ELB(ALB)配下のスポットインスタンスの中断処理をStep Functionsで実装してみた

ELB(ALB)配下のスポットインスタンスの中断処理をStep Functionsで実装してみた

ELB(ALB)配下でスポットインスタンスを利用する環境において、Step FunctionsのAWS SDK サービス統合を利用した、Lambdaを使用せずインスタンス終了通知への自動対応を試してみました
Clock Icon2024.10.24

ELB(ALB)配下でスポットインスタンスを利用する環境において、インスタンス終了通知への自動対応をAWS Step Functionsで実装しました。

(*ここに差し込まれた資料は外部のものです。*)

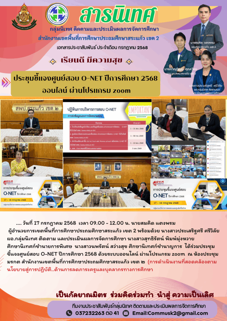 ประชุมชี้แจงศูนย์สอบ O-NET ปีการศึกษา 2568 ออนไลน์ ผ่านโปรแกรม zoom กรกฎาคม 23, 2025กรกฎาคม 23, 2025 นิเทศติดตามและประเมินผล กลุ่มนิเทศติดตามฯ, วารสาร ประชาสัมพันธ์ Post Views: 92 นิเทศติดตามและประเมินผล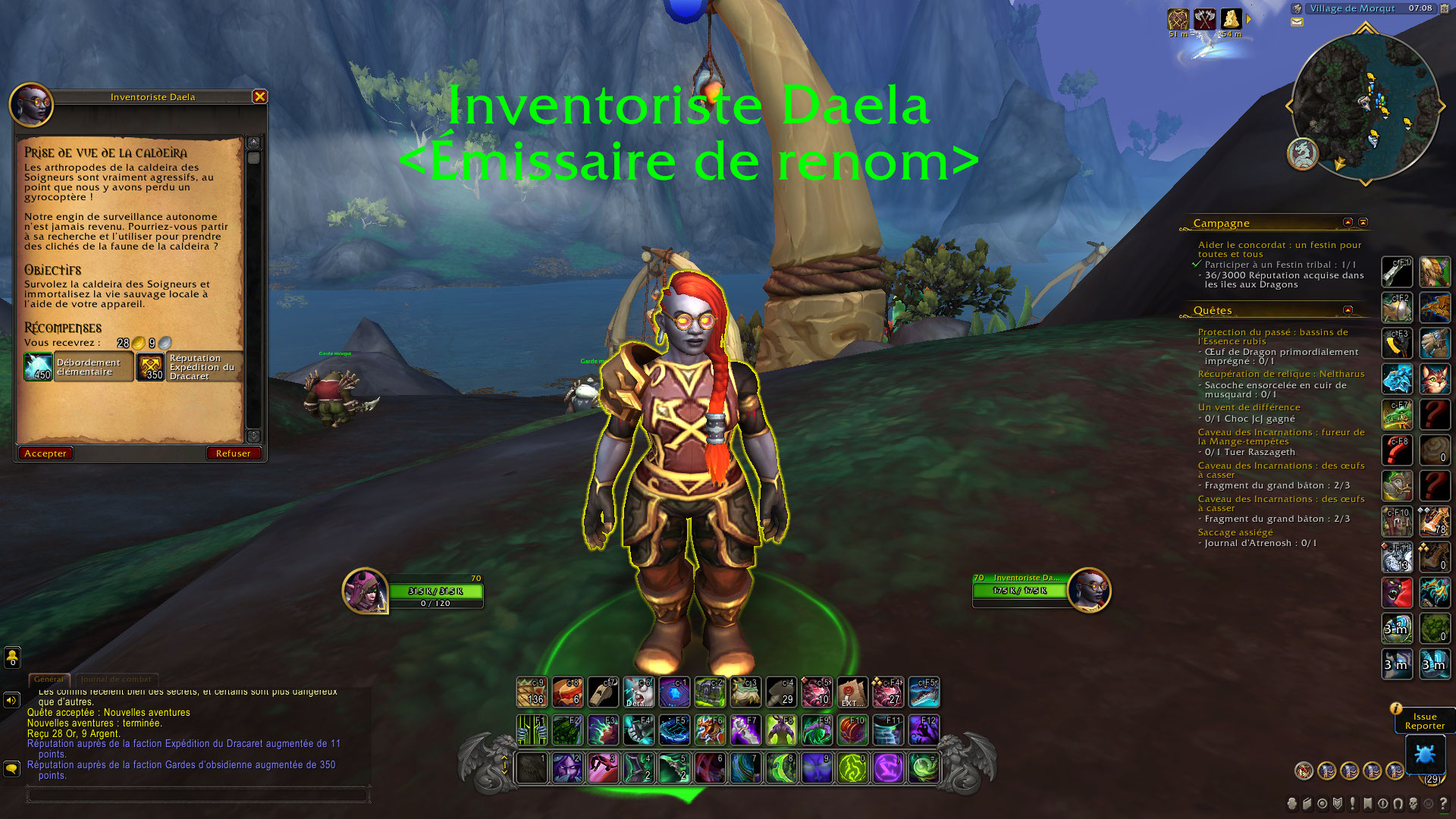 Gobelins et Nains mis à part, vous aurez plusieurs quêtes journalières vous récompensant principalement en débordement élémentaire et en points de réputation.

Step Functionsの AWS SDK サービス統合を活用する事で、Lambdaを使用せずに実現しています。

処理概要

a. スポットインスタンス中断通知の検知

  • EventBridgeがEC2スポットインスタンスの中断通知を検知
  • Step Functionsのステートマシンを起動

b. インスタンス情報の取得と検証

  • PrepareInstanceId: 中断対象インスタンスIDの抽出
  • GetEC2InstanceInfo: インスタンスの詳細情報取得
  • ExtractTags: Auto Scalingグループタグの抽出
  • ValidateTag: タグの存在確認
  • GetAutoScalingGroupInfo: ASGの情報取得

c. パラレル処理(2つの並列処理):
ブランチ1: ターゲットグループ処理

  • ExtractTargetGroupARNs: ターゲットグループARNの抽出
  • GetTargetGroupInfo: ターゲットグループ情報の取得
  • ValidateTargetGroups: ターゲットグループの検証
  • GetTargetHealth: ターゲットヘルスチェック
  • PrepareForFiltering: フィルタリング準備
  • FindMatchingTarget: 対象ターゲットの特定
  • DeregisterTarget: ターゲットの登録解除

ブランチ2: Auto Scaling処理

  • PrepareCapacityComparison: キャパシティ計算
  • CheckScalingCondition: スケーリング条件確認
  • UpdateAutoScalingGroup: ASGの更新

Step Functions Workflow Studio

SpotInterruptionStateMachine

CloudFormation

EventBridge、 Step Functions は、CloudFormationを利用して設置しました。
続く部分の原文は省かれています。